I'm reading this guide about network programming, which I'm liking a lot: https://beej.us/guide/bgnet/html/split/slightly-advanced-techniques.html#serialization
I'm confused about something though. In this section about serialization, he talks about serializing ints for byte-ordering reasons, which makes sense to me, but he also includes these two functions pack754 and unpack754 for serializing floats in IEEE-754 format.
uint64_t pack754(long double f, unsigned bits, unsigned expbits)
{
long double fnorm;
int shift;
long long sign, exp, significand;
unsigned significandbits = bits - expbits - 1; // -1 for sign bit
if (f == 0.0) return 0; // get this special case out of the way
// check sign and begin normalization
if (f < 0) { sign = 1; fnorm = -f; }
else { sign = 0; fnorm = f; }
// get the normalized form of f and track the exponent
shift = 0;
while(fnorm >= 2.0) { fnorm /= 2.0; shift++; }
while(fnorm < 1.0) { fnorm *= 2.0; shift--; }
fnorm = fnorm - 1.0;
// calculate the binary form (non-float) of the significand data
significand = fnorm * ((1LL<<significandbits) + 0.5f);
// get the biased exponent
exp = shift + ((1<<(expbits-1)) - 1); // shift + bias
// return the final answer
return (sign<<(bits-1)) | (exp<<(bits-expbits-1)) | significand;
}
long double unpack754(uint64_t i, unsigned bits, unsigned expbits)
{
long double result;
long long shift;
unsigned bias;
unsigned significandbits = bits - expbits - 1; // -1 for sign bit
if (i == 0) return 0.0;
// pull the significand
result = (i&((1LL<<significandbits)-1)); // mask
result /= (1LL<<significandbits); // convert back to float
result += 1.0f; // add the one back on
// deal with the exponent
bias = (1<<(expbits-1)) - 1;
shift = ((i>>significandbits)&((1LL<<expbits)-1)) - bias;
while(shift > 0) { result *= 2.0; shift--; }
while(shift < 0) { result /= 2.0; shift++; }
// sign it
result *= (i>>(bits-1))&1? -1.0: 1.0;
return result;
}
What I'm confused about is that these functions work by looking at the first bit for the sign, then the next X bits for the exponent, then the next Y bits for the mantissa. So doesn't that mean the float has to already be in IEEE-754 format on the host machine for this to work?
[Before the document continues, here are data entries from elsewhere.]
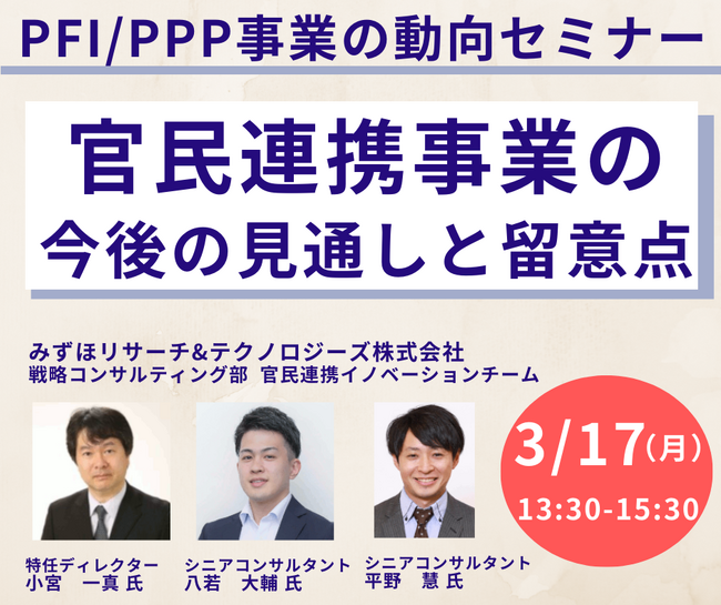 JPI(日本計画研究所)は、みずほリサーチ&テクノロジーズ株式会社 戦略コンサルティング部 官民連携イノベーションチーム 特任ディレクター 小宮 一真 氏、シニアコンサルタント 八若 大輔 氏、シニアコンサルタント 平野 慧 氏を招聘し、PFI事業を含む官民連携事業の今後の見通しと留意点について詳説いただくセミナーを開催します。
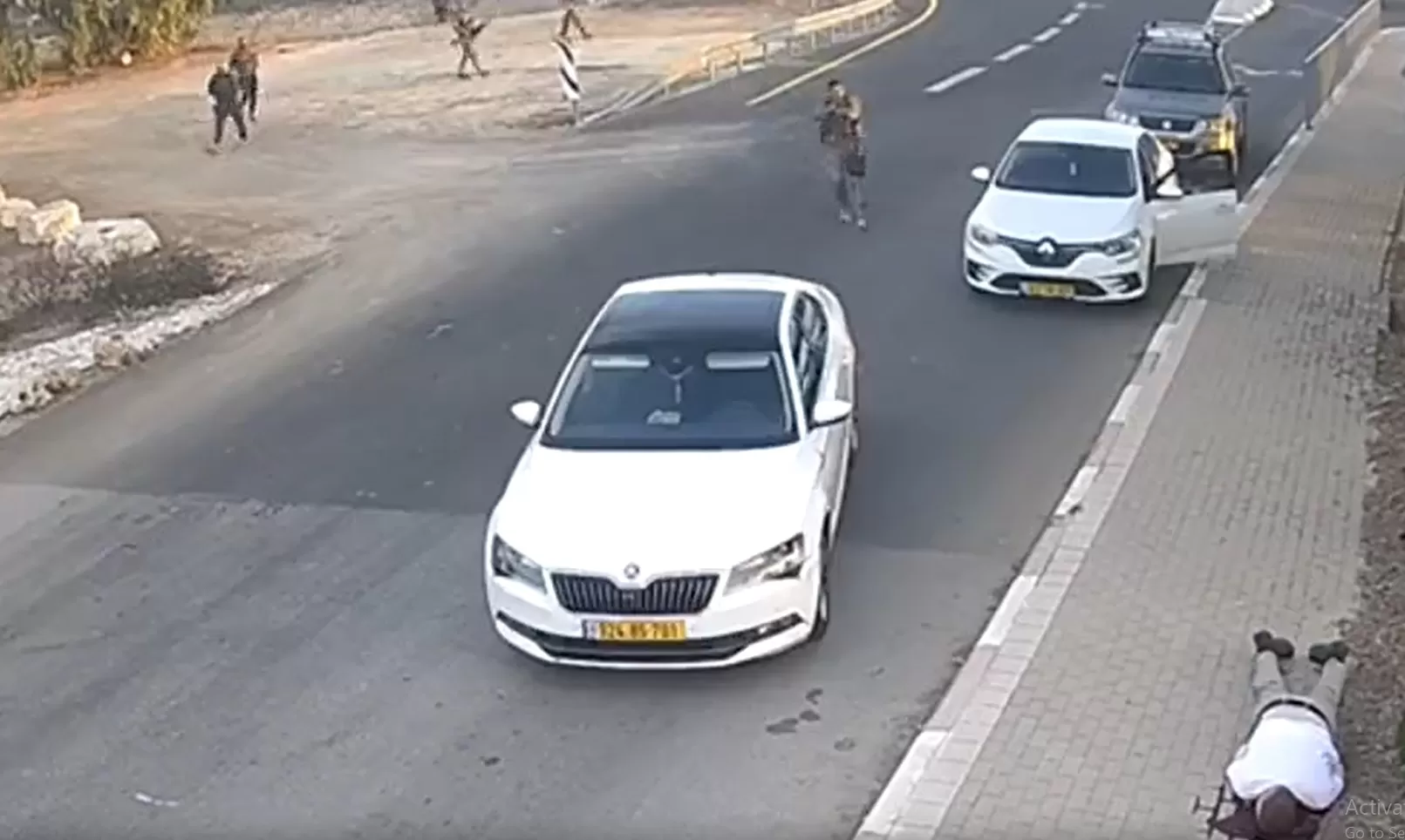 أظهر مقطع الفيديو المتداول الضابط الإسرائيلي وهو يركض على رصيف إلى جانب عدد من السيارات في الشارع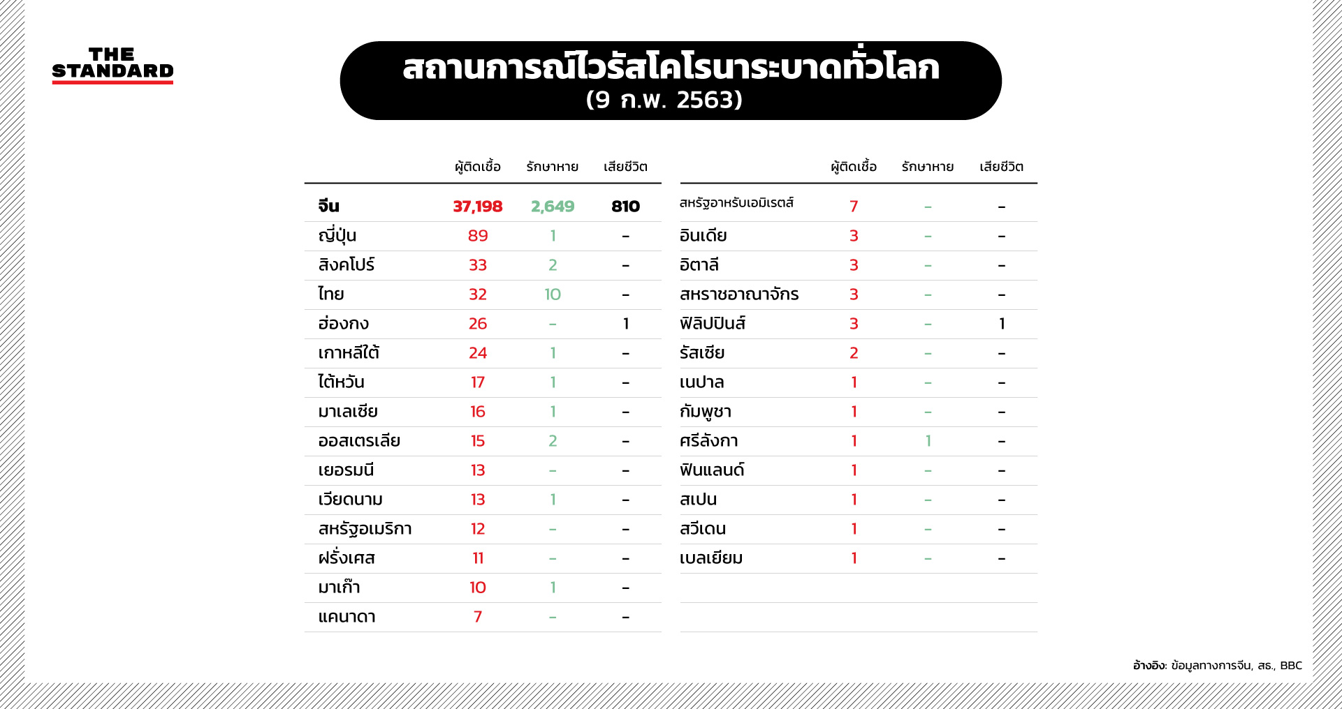 ยอดผู้เสียชีวิตจากไวรัสโคโรนาสายพันธุ์ใหม่ 2019-nCoV ในจีนพุ่งสูงขึ้นเป็น 810 รายแล้ว ซึ่งแซงหน้ายอดเสียชีวิตจากโรคซาร์สเมื่อปี 2003 (774 ราย) และมีแนวโน้มเพิ่มสูงขึ้นเรื่อยๆ เช่นเดียวกับจำนวนผู้ติดเชื้อทั้งในประเทศจีนและในต่างประเทศที่เพิ่มมากขึ้นอย่างต่อเนื่อง สถานการณ์การระบาดล่าสุดเป็นอย่างไร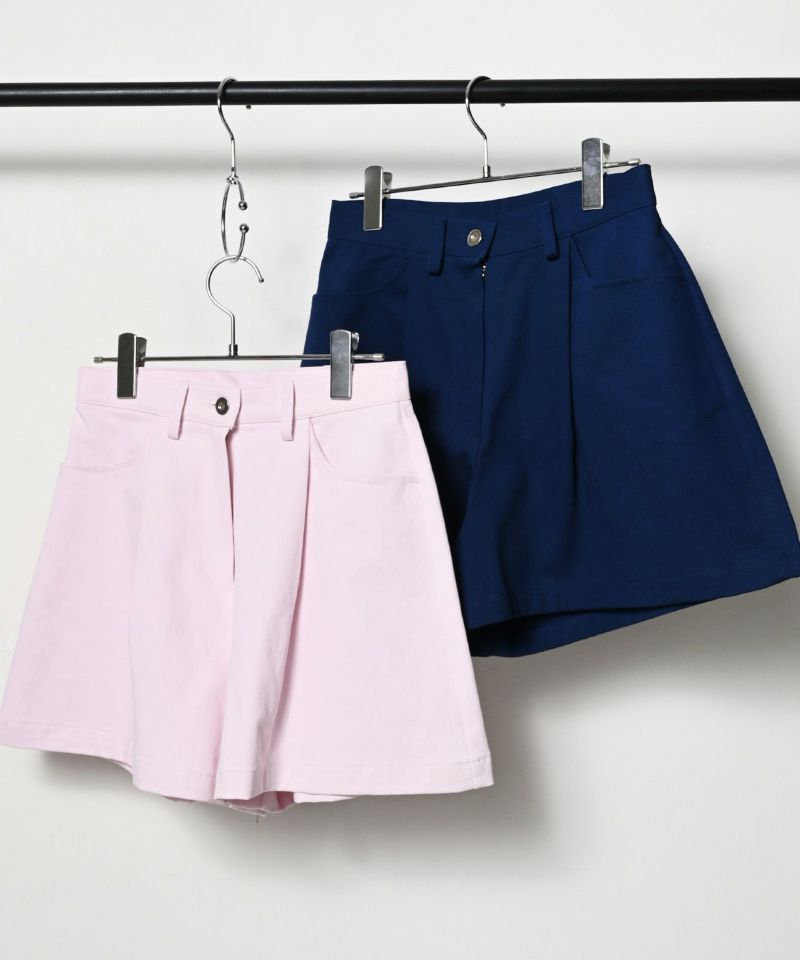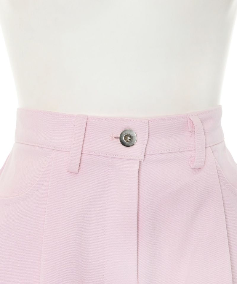 シンプルながらもフロント部分にタックが入っていることにより、パンツのシルエットが綺麗見えし、肌馴染みの良いカラーを採用していることで着まわしの効くアイテムに。裾に向かって広がるデザインが、気になる太もも部分を細見えさせてくれます。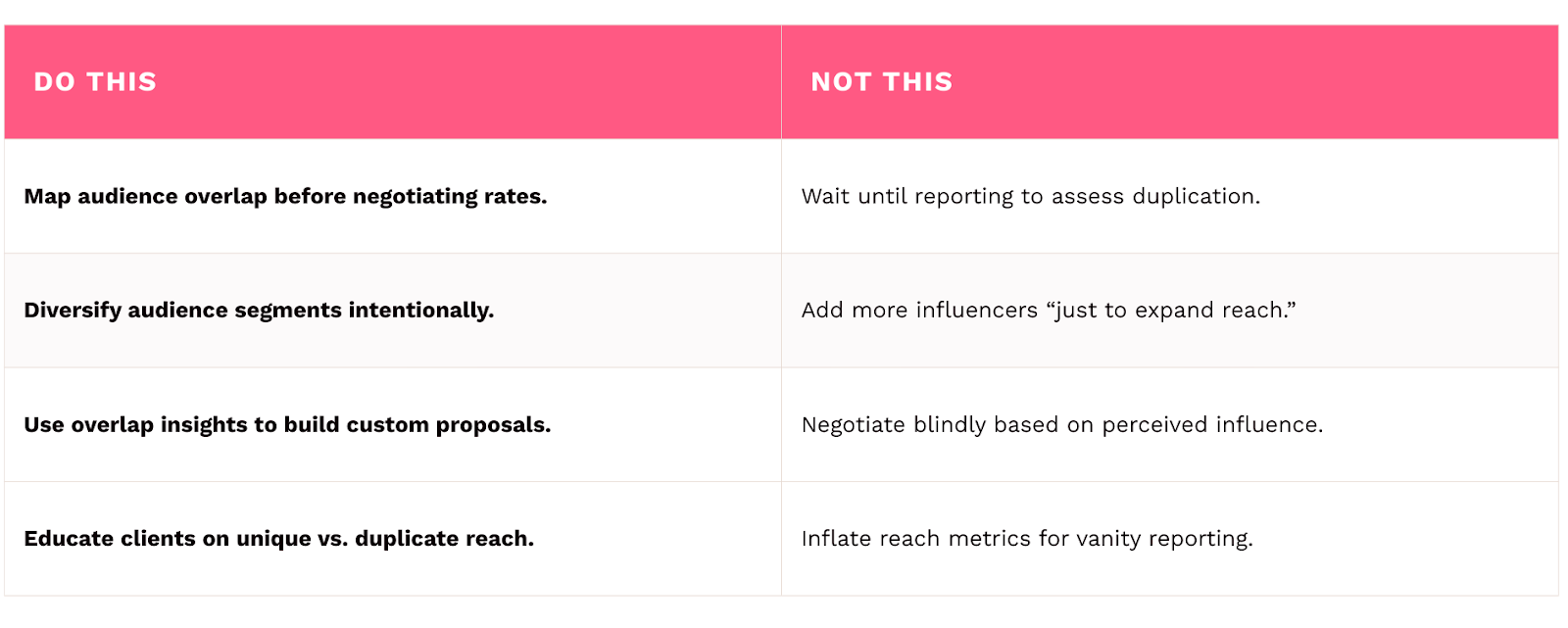 Having insights into influencer audience overlap data can give you plenty of leverage to inform and strengthen your campaigns. Here are some tips to make the most of it.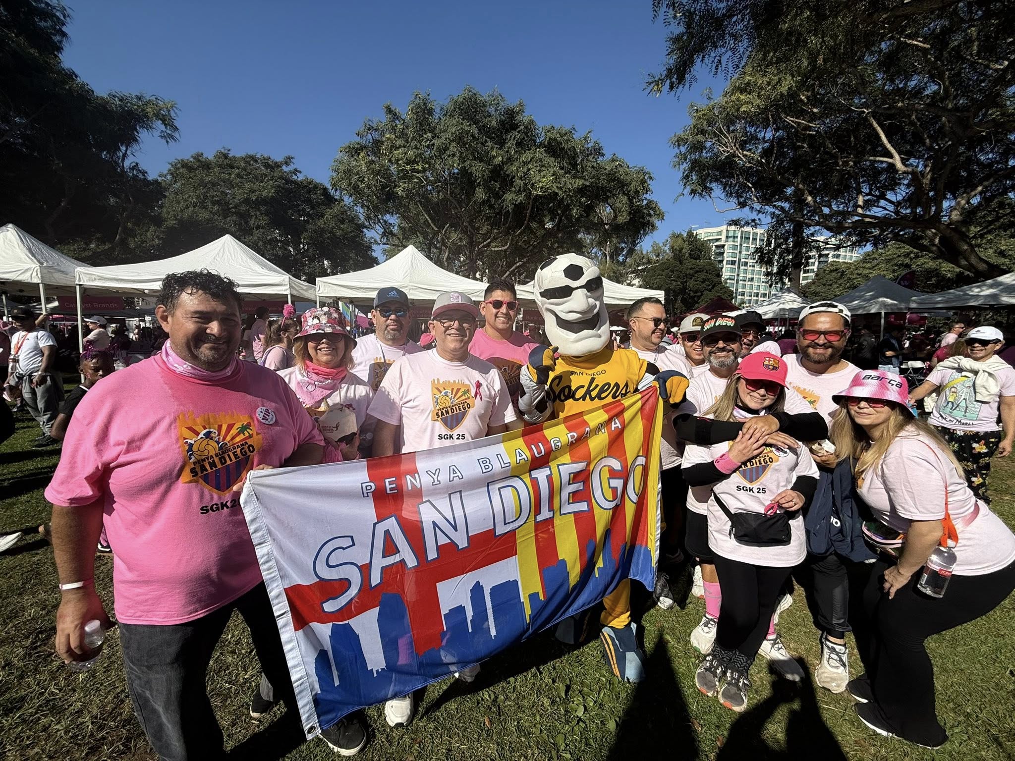 La Penya Blaugrana de San Diego (Federación Mundo) demostró una vez más su gran compromiso con la lucha contra el cáncer de mama con su participación en una nueva edición de la caminata solidaria “More Than Pink”. Esta iniciativa, organizada por la Fundación Susan G. Komen, busca concienciar sobre la lucha contra el cáncer de mama y recaudar fondos destinados a investigar la enfermedad, crear programas de salud comunitaria y apoyar a las personas afectadas. La PB San Diego, que participó en la caminata con varios peñistas y contó con un stand propio, entregó una donación de más de 4.300 dólares para esta causa solidaria.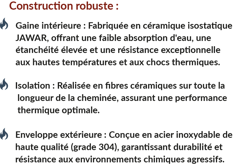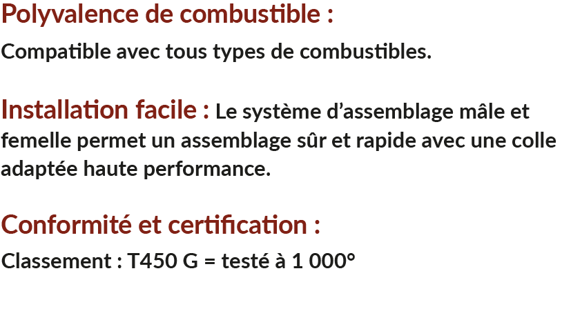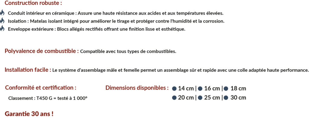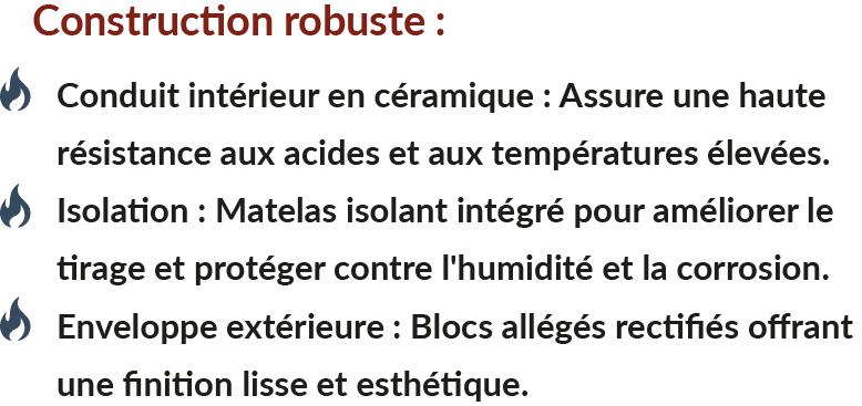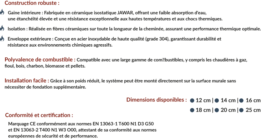 Matériaux robustes, conformes normes européennes, résistance exceptionnelle au feu et aux condensats.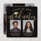Faire-part Double Graduation 2 Grads & 4 Photos Black & Gold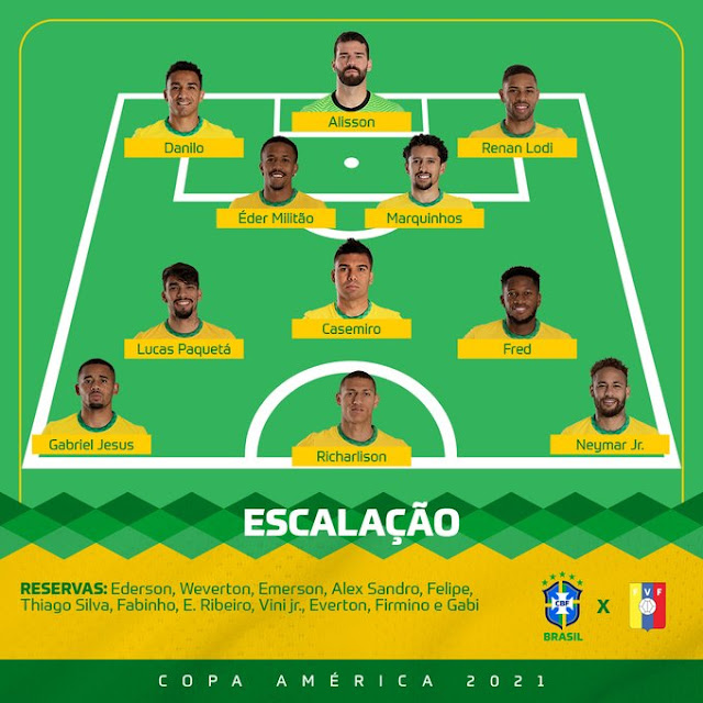 O Brasil abre a Copa América 2021, às seis da noite, deste domingo (13), no Mané Garrincha, contra a Venezuela.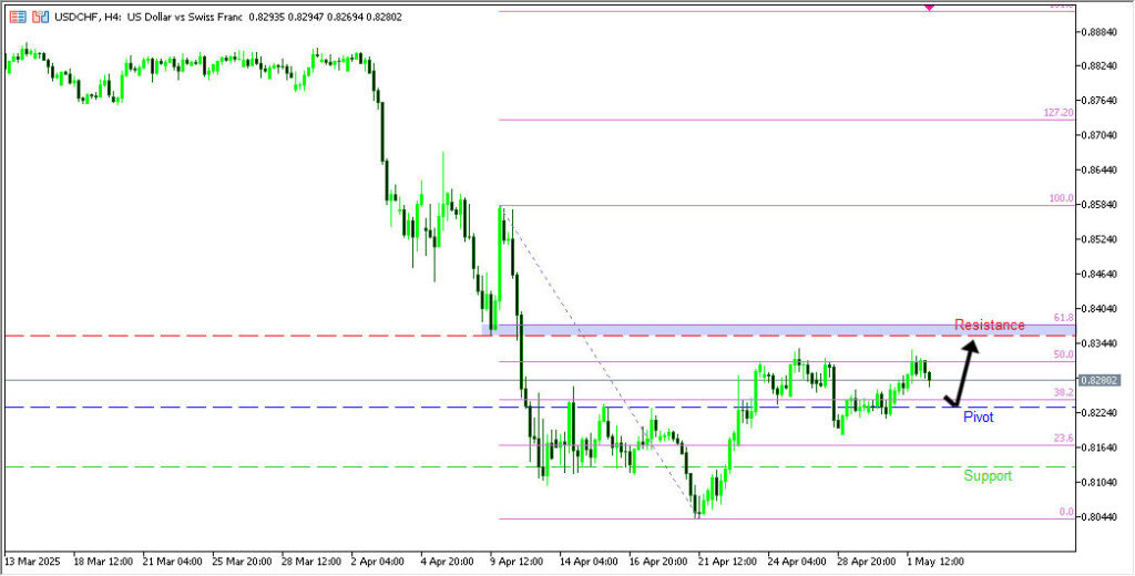 USDCHF กรอบเวลา H4 มีแนวโน้มดีดตัวขึ้นจากแนวรับที่ 0.8233 หากยืนได้อาจขึ้นต่อถึงแนวต้านที่ 0.8358 ซึ่งใกล้ระดับ Fibonacci 61.8% แต่หากหลุดแนวรับนี้ มีโอกาสร่วงต่อถึงแนวรับถัดไปที่ 0.8131.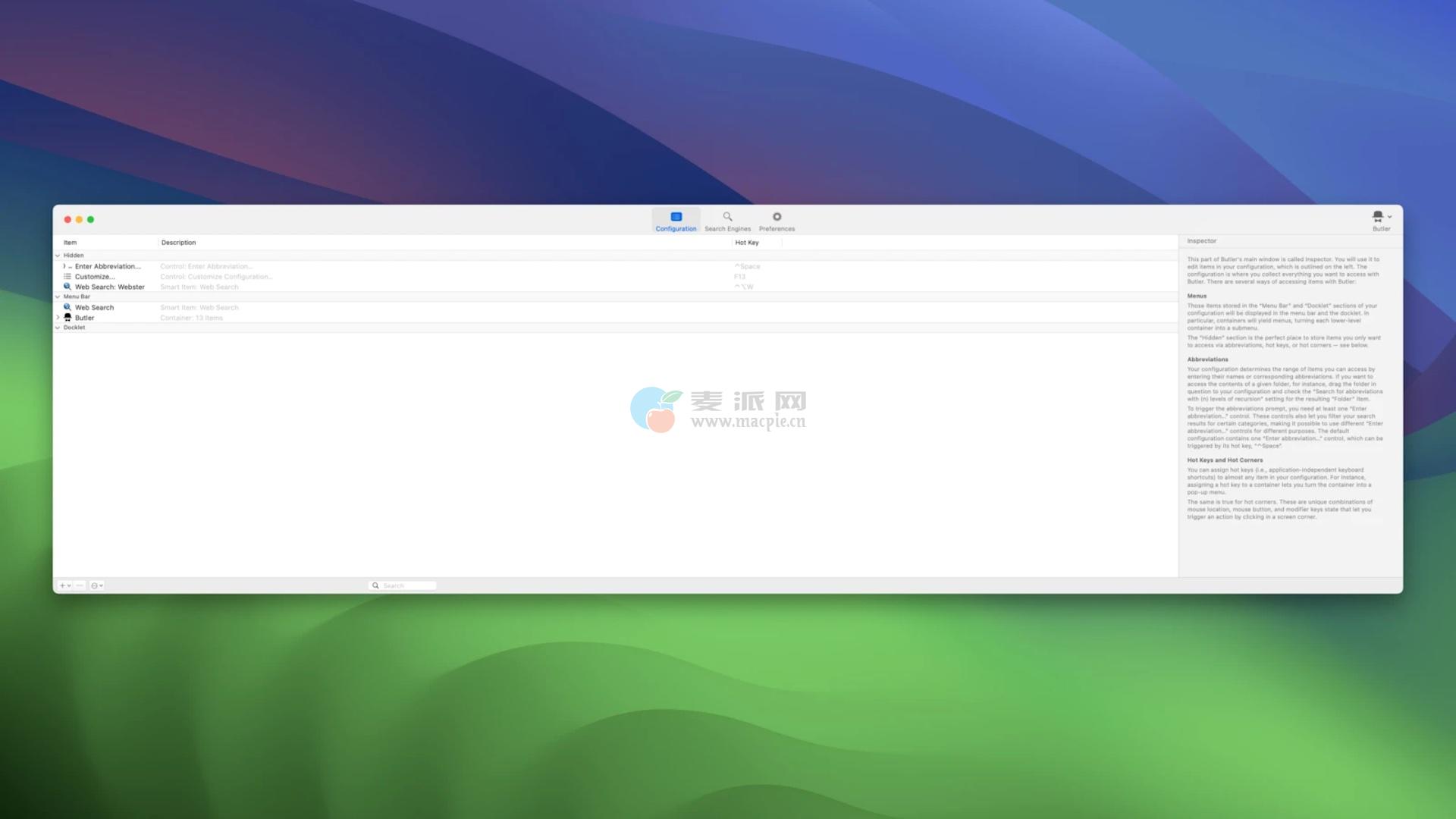 还有一个内置的工具,用于从菜单栏或热键搜索网页。经理更多的是在服务的其他地方,但用户可以附加其他服务。一个独立的模块专门用于指导最常见的多个文本片段,类似于剪贴板。Butler还允许您复制文件、管理iTunes、更改系统设置和其他功能。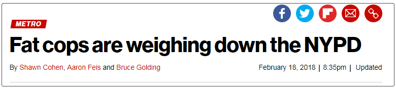 胖警察正在壓垮紐約警察局。來源:《紐約郵報》
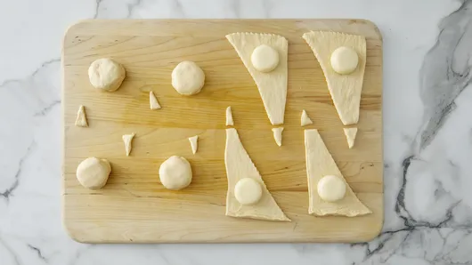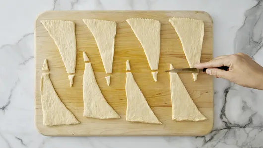 Step1Heat oven to 350°F. Line large cookie sheet with cooking parchment paper. Unroll dough on work surface; separate into 8 triangles. Cut 3/4-inch triangle from tip of each crescent triangle.

Is this just here to explain the format, or is this something you would actually do in real life?
Is Serializing Floats Necessary for Cross-Platform Network Code?
Yes. FP encoding has many variations across implementations including variations is size, endian, precision ,exponent range, sub-normal support (and possible even base).
So doesn't that mean the float has to already be in IEEE-754 format on the host machine for this to work?
No, the pack/unpack will "work" (see following problems) even if long double
is not IEEE.
Is this just here to explain the format, or is this something you would actually do in real life?
Looks like learner code. I would not use the provided pack/unpack code, given its weaknesses (below) and especially the 2 very inefficient while
loops. Loops may iterate thousands of times with binary128.
The code is a hole-riddled attempt to pack an arbitrary encoded long double
into an IEEE binary64. It fails for values near 0.0, rounding, handle overflow and infinity/NAN well.
pack754()
has at least these short-comings:
if (f == 0.0) return 0;
loses information during serialization as it returns 0 for both +0.0 and -0.0. When testing the FP sign bit, do not use if (f < 0)
, but if (signbit(f))
to well extract the sign bit even if f
is zero or NAN.
long double
may be more than 64 bits so uint64_t pack754(long double f, unsigned bits, unsigned expbits)
loses info in trying to pack into 64-bits. I suppose OP is tolerating this info loss.
1LL<<significandbits
is UB on overflow (significandbits >= 63
). 1ULL<<significandbits
has some advantage, yet overflow (significandbits >= 64
) remains a problem.
Using float
math with the later long double
math is short sighted. ((1LL<<significandbits) + 0.5L)
makes a little more sense.
Rather than while(fnorm >= 2.0)
like code, use long double frexpl(long double value, int *p)
to extract a normalized value and exponent. Use long double ldexpl(long double x, int p)
to re-combine. while(fnorm >= 2.0) { fnorm /= 2.0; shift++; }
risks an infinite loop when fnorm
is infinity.
+ 0.5f
for rounding has many corners issues. Better to use lround()
and friends.
...
For simple cross platform exchange of FP values, I'd consider sprintf(buf, "%La", x)
as a first step to pack and strtold()
to unpack.
Packing a FP into a tight intN_t
and maintaining precision/range faithfulness across many computer implementations are competing goals.
Which is more important: faithful conversions or small packet size?
Most systems I've worked with prize faithful conversions over small packet size.
Packing a long double
, for portability, into a 64-bit is simply an unwise design.